* [WORK TO BE COMPLETED]
The answer must be only the lines below from the one holding "receive goods efficiently." down to the one holding "وتناولت الأمسية التي", ends included, printed exactly; please omit all pictures.

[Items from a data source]
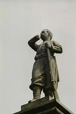 Recruits from the Pittsburgh area and Allegheny County organized at Camp Copeland from September 2–19, 1862 into the 155th Regiment Pennsylvania Volunteer Infantry. Edward J. Allen served as the first colonel. After initial training and drilling, the regiment moved via train to Washington, D.C. where it joined the 2nd Brigade, 3rd Division of the Union Fifth Corps. From there, it went to Sharpsburg, Maryland, after the Battle of Antietam. Their first introduction to battle came on December 13, 1862, at the Battle of Fredericksburg where the color guard suffered heavy casualties in an ill-fated assault.
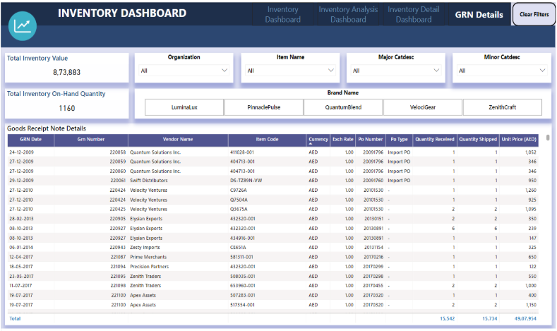 • Grn_Transaction: This table tracks goods received in inventory. It includes details like purchase order numbers, vendor names, shipment quantities, receipt dates, and item prices. It helps monitor inventory updates and receive goods efficiently.
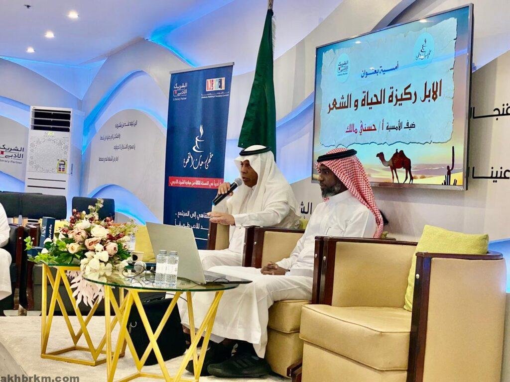 وتناولت الأمسية التي أدارها الدكتور إبراهيم البلوي, علاقة الإنسان العربي بالإبل، وكيف أستلهم منها ومن صفاتها وأعضائها وقاموس لغته اليومية التي يتواصل بها مع من حوله،
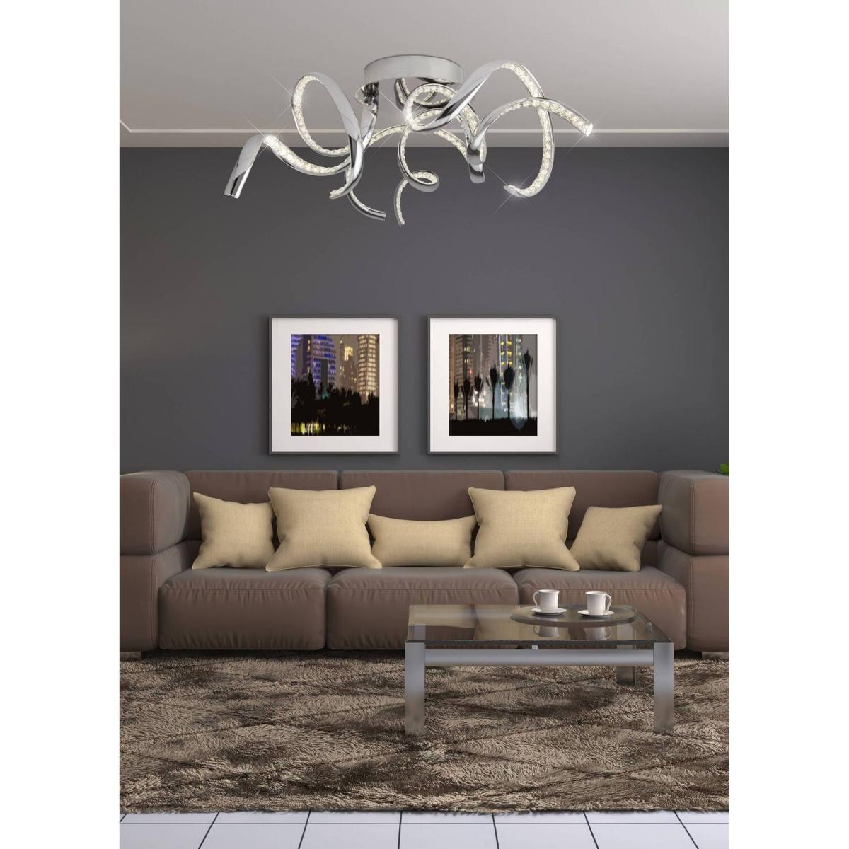 This unique twirl arm detail ceiling flush includes chrome and clear crystal, making it an eye catching addition fit for any stylish home. A warm white light is emitted and will add brightness. LEDs use up to 85 less energy and last up to 20 times longer than incandescent bulbs. The range offers matching fittings for a lighting theme which will transform the room.
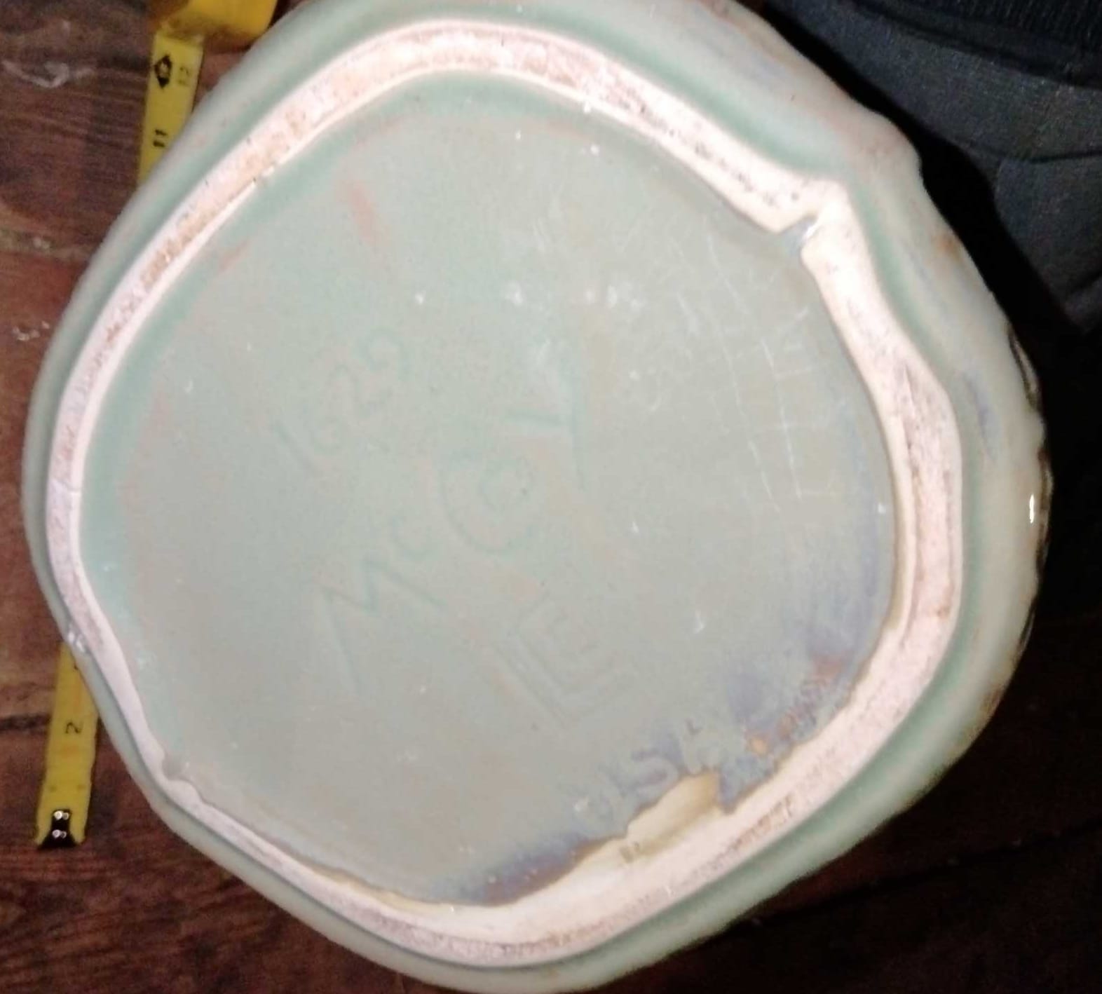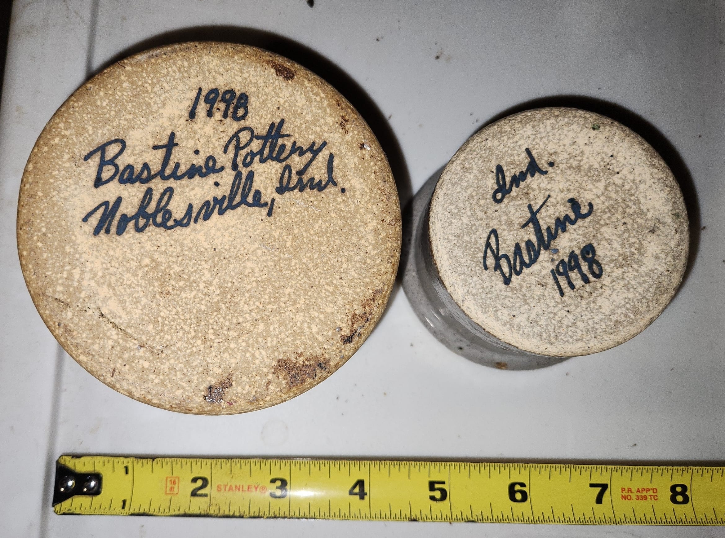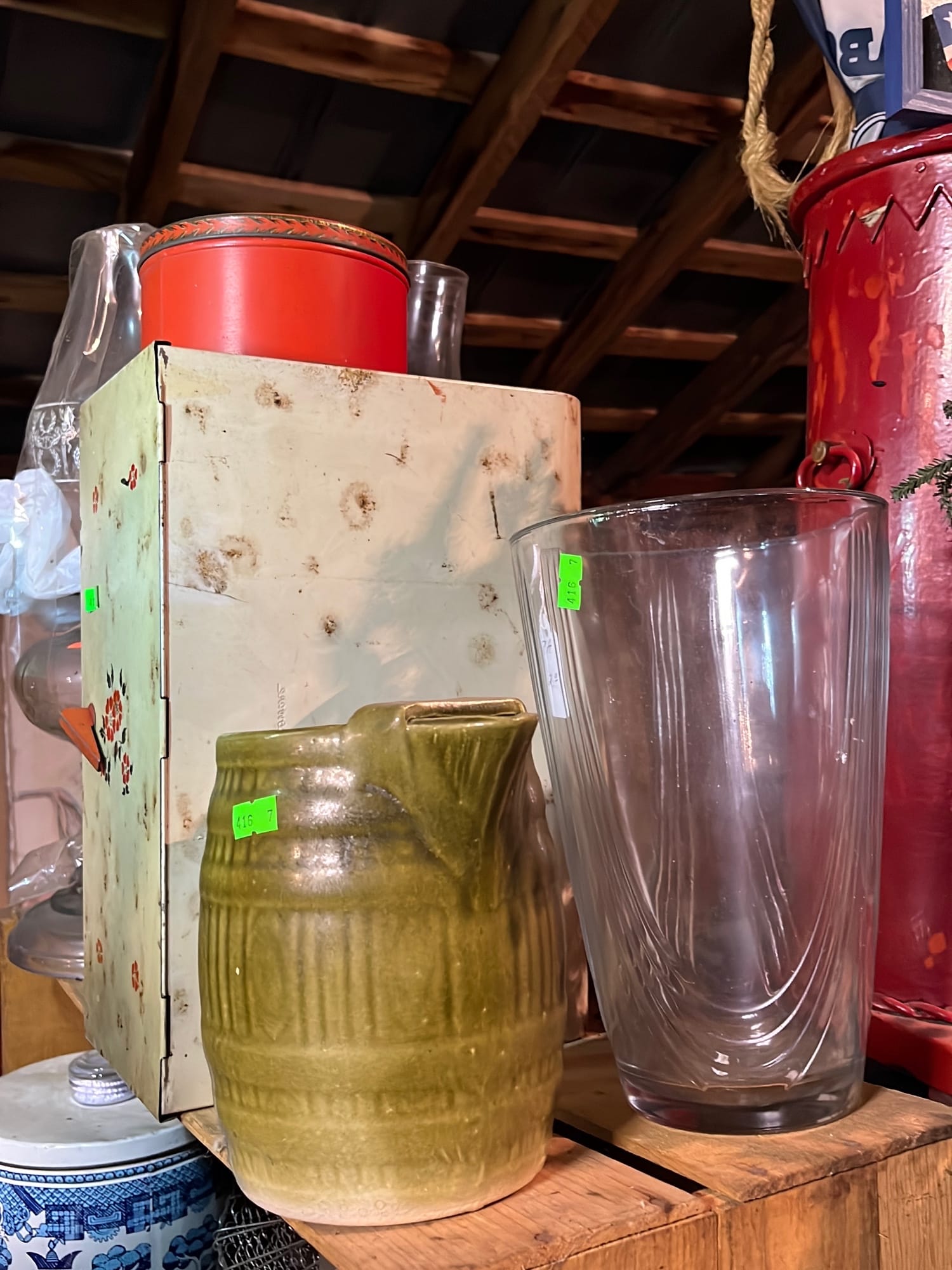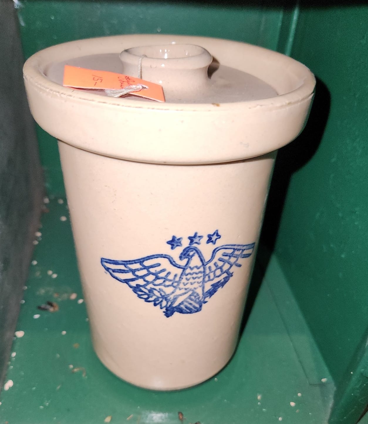 429 Beaumont Brothers Pottery jug 5”, Roseville crock, crocks, covered dish, tins, bird, bowls, vases

* [EXERCISE RESPONSE]
 • Grn_Transaction: This table tracks goods received in inventory. It includes details like purchase order numbers, vendor names, shipment quantities, receipt dates, and item prices. It helps monitor inventory updates and receive goods efficiently.
 وتناولت الأمسية التي أدارها الدكتور إبراهيم البلوي, علاقة الإنسان العربي بالإبل، وكيف أستلهم منها ومن صفاتها وأعضائها وقاموس لغته اليومية التي يتواصل بها مع من حوله،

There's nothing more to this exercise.